TAJUK RENCANA-Jaga Kewaspadaan terhadap Teroris

Posted on November 5, 2012

0


Kompas – Senin,05 November 2012

Peristiwa penyergapan akhir pekan lalu di Poso, Sulawesi Tengah, memperlihatkan bahaya terorisme masih menjadi ancaman sangat serius.

Operasi penyergapan oleh Detasemen Khusus 88 Antiteror, Brimob, serta jajaran kepolisian lainnya mendapat rintangan, lebih-lebih karena orang-orang yang diduga teroris berbaur dengan masyarakat. Tidak gampang aparat keamanan menerobos masuk secara cepat karena terhalang kerumunan massa.

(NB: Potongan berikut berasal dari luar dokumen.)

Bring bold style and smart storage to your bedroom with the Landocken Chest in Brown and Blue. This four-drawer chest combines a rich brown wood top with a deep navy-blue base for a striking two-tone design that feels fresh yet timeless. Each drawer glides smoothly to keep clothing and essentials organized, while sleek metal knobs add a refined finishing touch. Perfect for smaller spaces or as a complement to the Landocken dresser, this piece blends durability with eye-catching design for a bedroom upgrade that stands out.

Situasi bahkan sempat menjadi tegang karena sebagian warga masyarakat, yang mungkin merasa terusik oleh bunyi letusan tembakan aparat, memblokade sejumlah ruas jalan. Operasi penyergapan dilaporkan menewaskan seorang warga yang diduga terkait jaringan teroris, sementara 14 orang lagi ditangkap sebagai bagian dari upaya membongkar gerakan terorisme.

Upaya pengejaran terduga teroris memang tidak selalu gampang. Gerakan mereka sering kali jauh lebih lincah ketimbang aparat keamanan. Tidak jarang mereka merecoki aparat dengan berbaur dengan warga masyarakat. Lokasi penyergapan akhir pekan lalu, misalnya, terletak hanya sekitar 500 meter dari Markas Polres Poso.

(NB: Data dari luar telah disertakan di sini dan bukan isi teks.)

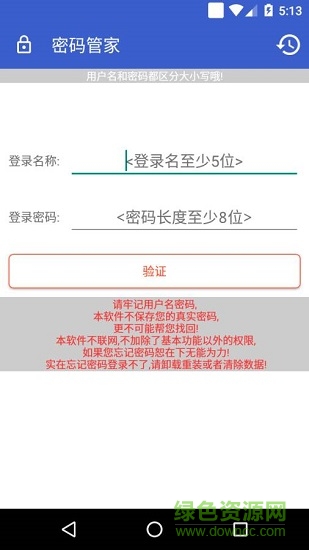 密码管家超级密码管家,能够随时管理自己的密码,而且还能够随时的根据不同软件来保存密码,而且软件还是蛮干净的,没有那些乱七八糟的广告,是非常不错的手机游戏,是非常不错的手机软件,喜欢就来绿色资源网下载吧!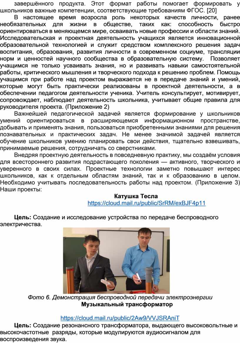 В настоящее время возросла роль некоторых качеств личности, ранее необязательных для жизни в обществе, таких как: способность быстро ориентироваться в меняющемся мире, осваивать новые профессии и области знаний. Исследовательская и проектная деятельность учащихся является инновационной образовательной технологией и служит средством комплексного решения задач воспитания, образования, развития личности в современном социуме, трансляции норм и ценностей научного сообщества в образовательную систему. Позволяет учащимся не только усваивать знания, но и развивать навыки самостоятельной работы, критического мышления и творческого подхода к решению проблем. Помощь учащимся при работе над проектом выражается не в передаче знаний и умений, которые могут быть практически реализованы в проектной деятельности, а в обеспечении педагогом деятельности ученика. Учитель консультирует, мотивирует, сопровождает, наблюдает деятельность школьника, учитывает общие правила для руководителя проекта. (Приложение 2)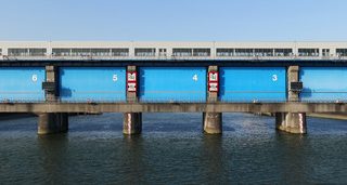 いやまて。こんなふうに全景を撮るとそれほどカッパっぽくなくて、なかなかいい水門じゃないか! つまりカッパはわたしの頭の中にいるらしい。気が知れないのは、実はわたしの頭の方なのだった。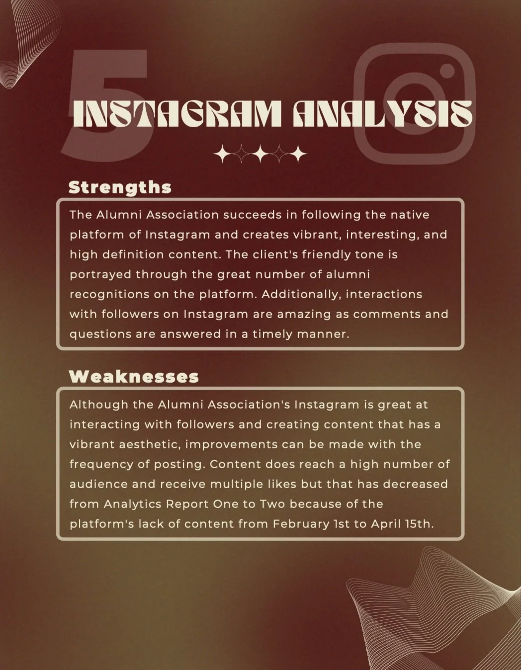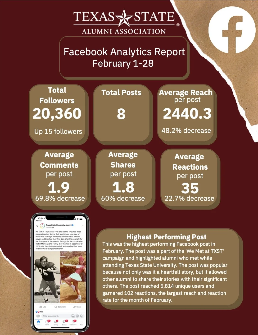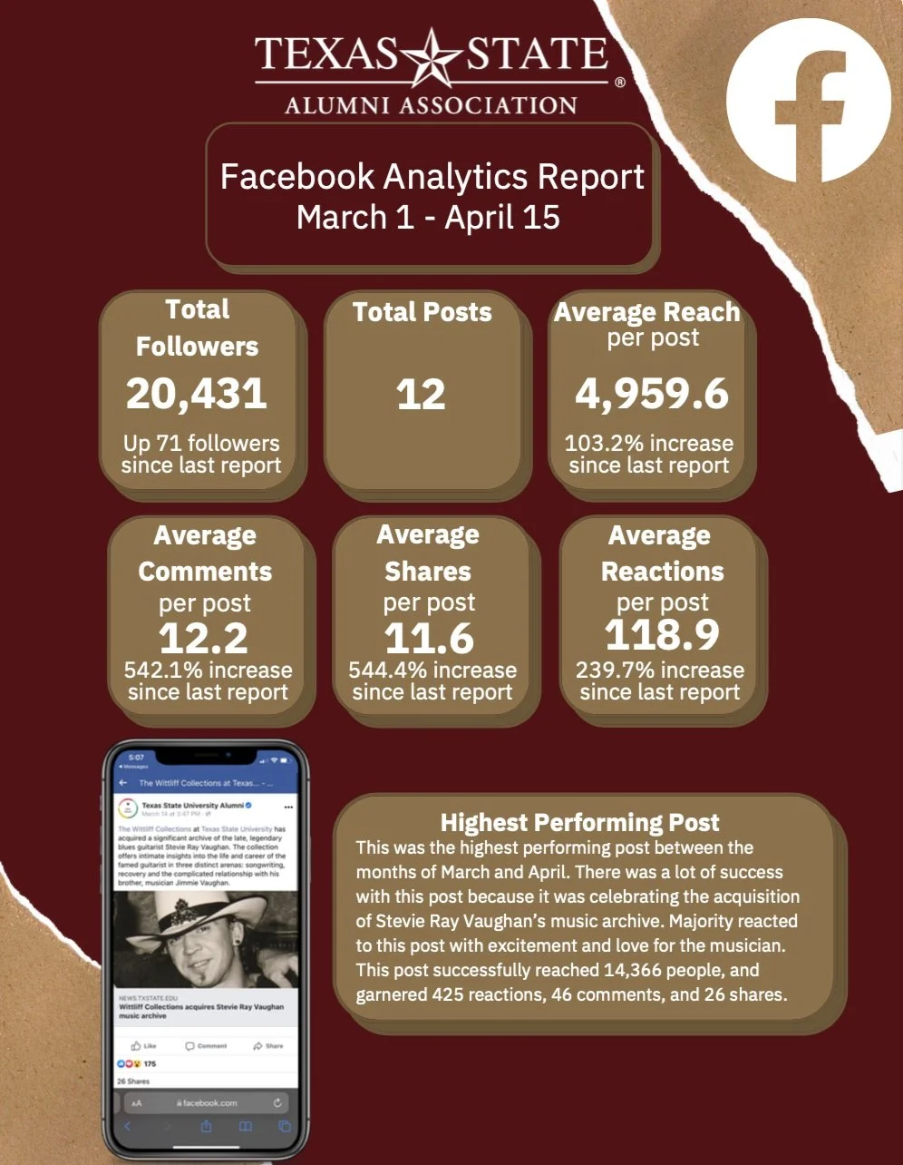 This client portfolio contains monthly analytic status reports of Texas State University’s Alumni Association’s social platforms over three months. While reviewing the client’s Facebook, Twitter, and Instagram, the highest or best-performing posts from each platform were analyzed.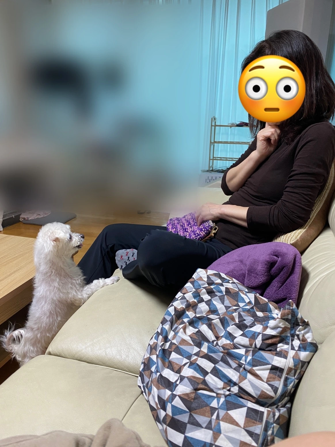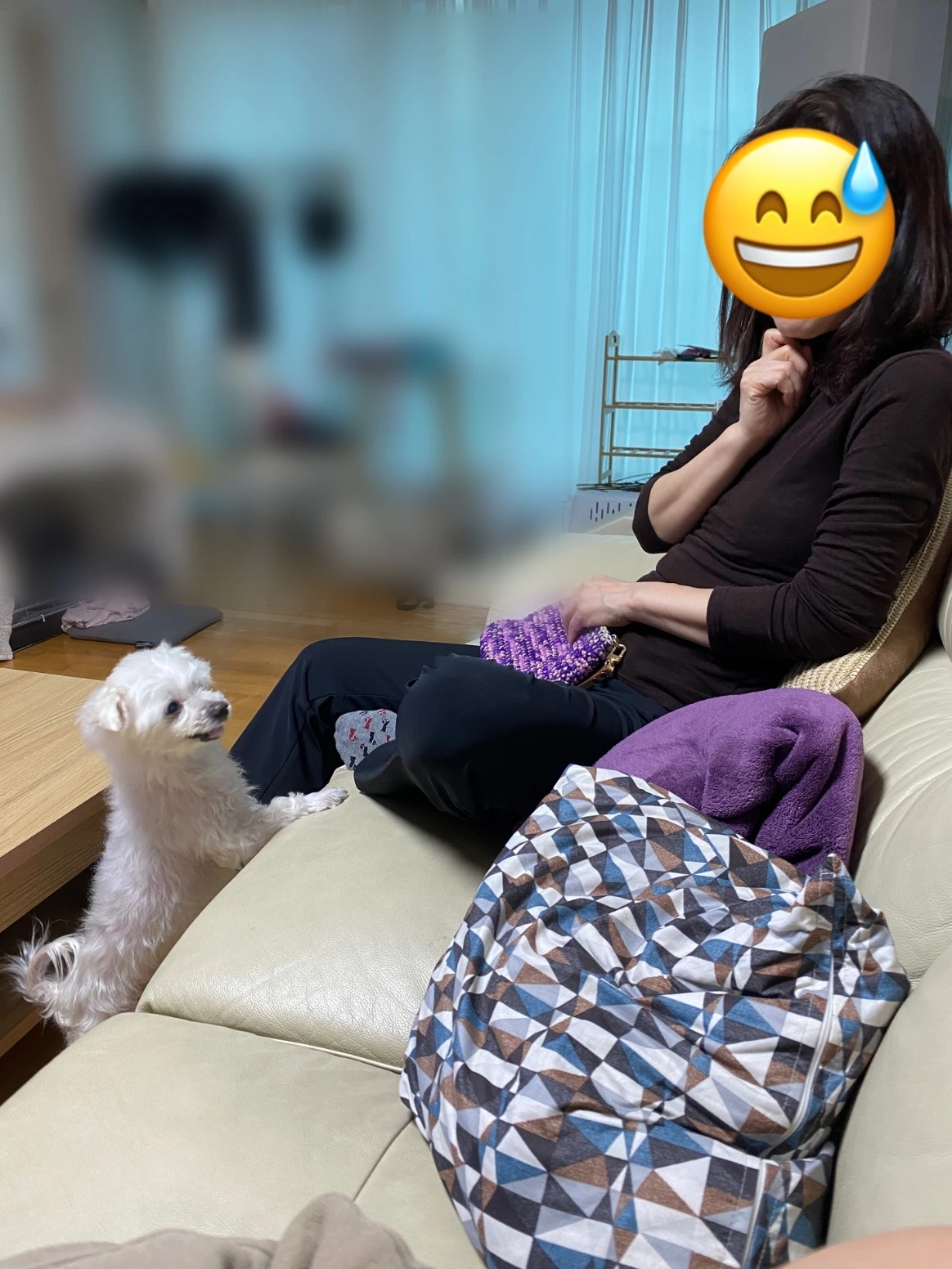 그런데 엄마를 처음 만난 이 날은 조금 달랐다. 다솜이는 멀찌감치 서서 엄마를 쳐다보더니 천천히 엄마가 집 안에 들어오는 것을 지켜보았다. 마치 누나들과 한가족이라는 것을 알아차리고, 엄마에게 적응할 시간을 주는 듯했다. 엄마가 조심스레 인사를 건네고 소파에 앉았다. 다리를 소파 위로 올려야 하는지 고민하다가 우선 한쪽 발만 소파 위로 올렸다.

Tentu saja masih sangat diperlukan kerja keras aparat keamanan meski sejumlah pencapaian sudah diraih dalam upaya melawan terorisme belakangan ini. Mata rantai gerakan terorisme belum dapat diputuskan sepenuhnya. Pelatihan masih dilakukan di kalangan teroris. Kekuatan kaum teroris belum dipatahkan seluruhnya dan tetap menjadi ancaman berbahaya. Belum lama ini, misalnya, aparat keamanan menangkap 11 orang terduga dan tersangka teroris. Juga ditemukan bahan peledak dan bom di sejumlah kota, termasuk di Bogor dan Jakarta.

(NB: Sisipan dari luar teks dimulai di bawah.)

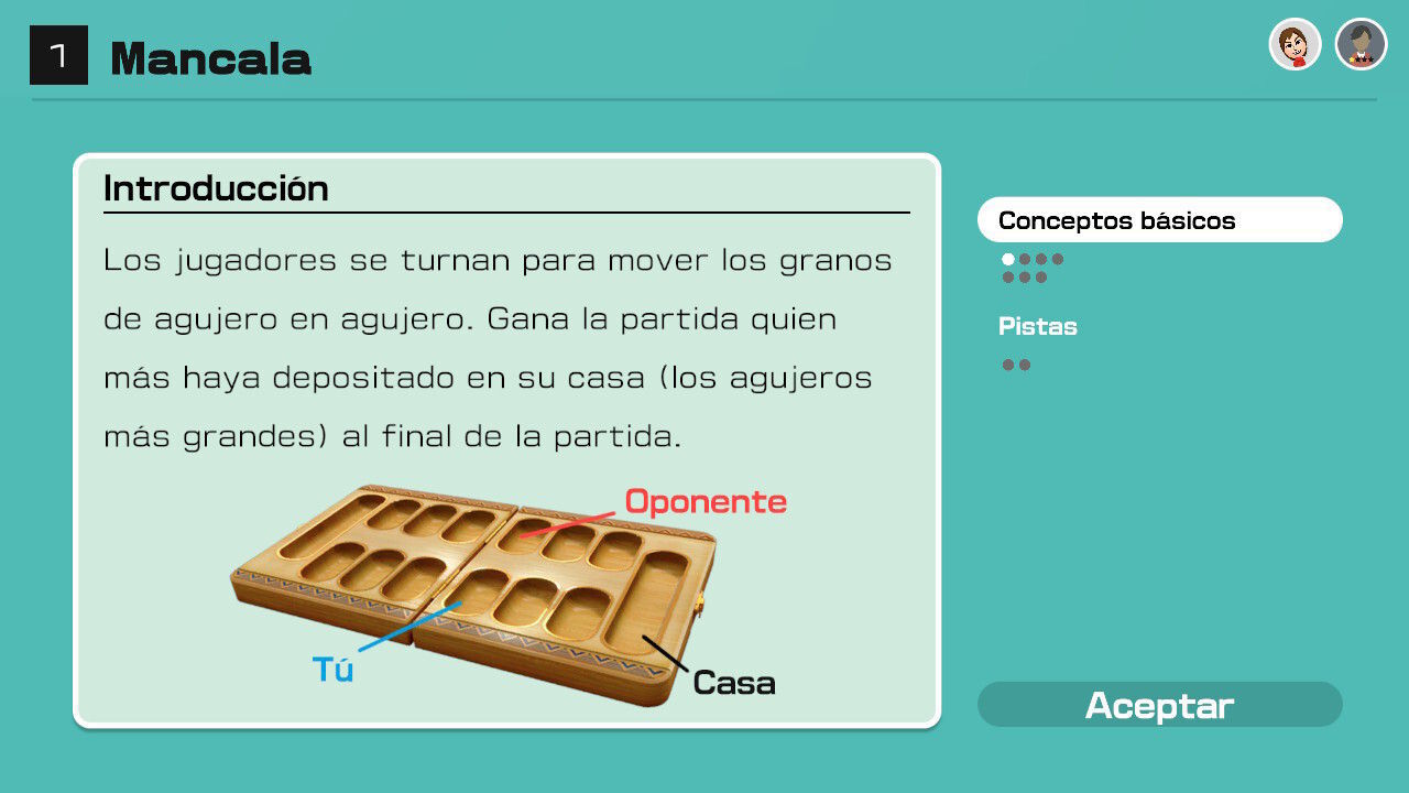 Cada juego incluye un vídeo inicial en algo parecido a un tutorial en el que dos personajes muestran algunas mecánicas básicas y las condiciones de victoria, y luego se pueden repasar esas normas básicas. El vídeo es ameno en la mayoría de los juegos que hemos probado aunque en ocasiones sirve más para transmitir las sensaciones del juego que para aprender sus normas. Las instrucciones que se pueden consultar después son más clarificadoras y están bien explicadas e incluso incluyen algunos consejos para conseguir la victoria. La mayoría de los juegos que hemos probado incluye distintas opciones que afectan a la duración de la partida, la dificultad de la inteligencia artificial o el número de rondas.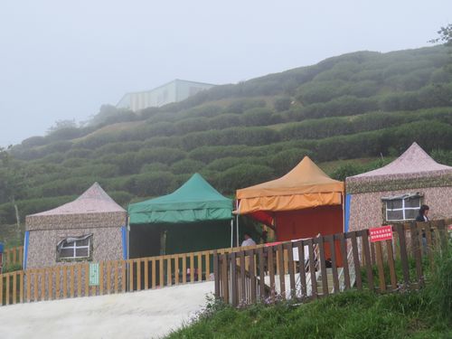 葉さんが預かっている茶工場をちょっと覗くと、何か問題が発生しているようだった。昨晩も遅かったから、まだ始末が付いていないのかもしれない。すぐに我々は別の場所に移動した。そこは何とキャンプ場、茶畑が見え、簡易な大型テントがいくつか並んでいる。朝から車が動いており、テントから出てきてチェックアウト?する人がいる。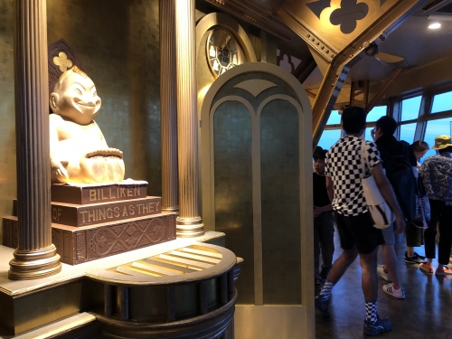 展望台のある5階は、豊臣秀吉が大坂城に作った「黄金の茶室」をイメージした金ピカのフロア。地上87.5mから大阪の街並みを360度楽しめます。そして幸福の神様ビリケンが鎮座し、足の裏をなでると願いが叶うと言われています。平成27年(2015年)には、地上94.5mの屋外展望台「天望パラダイス」もオープンしました。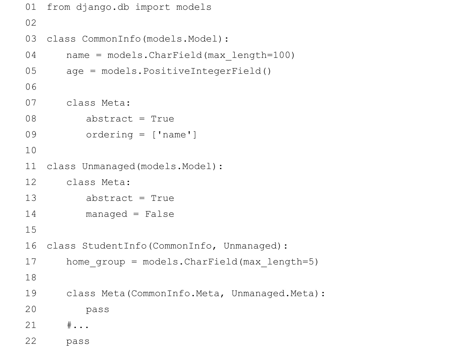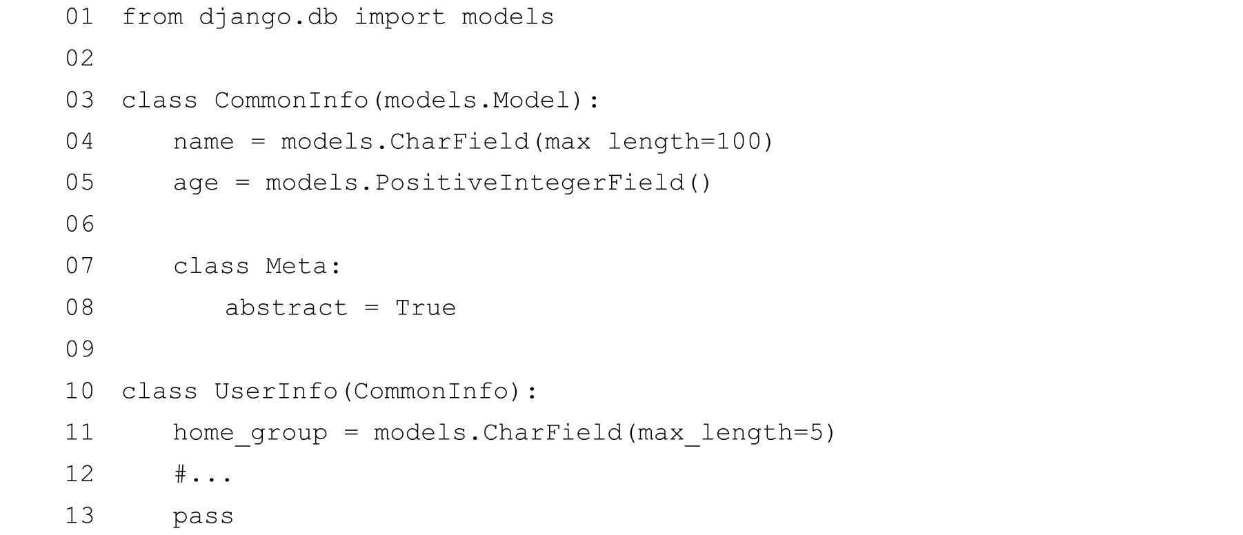 ● 第07~08行代码中,在Meta类中添加了属性abstract=True,表明该类(CommonInfo)为抽象基类。

Sungguh dicemaskan jika penangkapan para tersangka dan temuan bahan peledak yang sudah sering terjadi membuat masyarakat luas menganggap ancaman teroris sebagai hal biasa. Kewaspadaan bagaimanapun perlu dipertahankan dan ditingkatkan karena terorisme merupakan kejahatan luar biasa. Tidak seperti perang, termasuk perang saudara sekalipun, yang dapat diramalkan dan diantisipasi, serangan teroris selalu bersifat dadakan, tiba-tiba, dan cenderung tidak memilih-milih sasaran.

Atas dasar itu, kewaspadaan terhadap ancaman terorisme tidak boleh surut. Apalagi kaum teroris dapat melancarkan serangan kapan saja dan di mana saja. Tidak ada bangsa dan negara yang bebas dari ancaman teroris. Meskipun bahaya terorisme bersifat global, upaya melawannya harus dilakukan lebih keras di Indonesia. Tidak seperti negara-negara tetangga, ancaman terorisme di Indonesia terkesan lebih mencolok.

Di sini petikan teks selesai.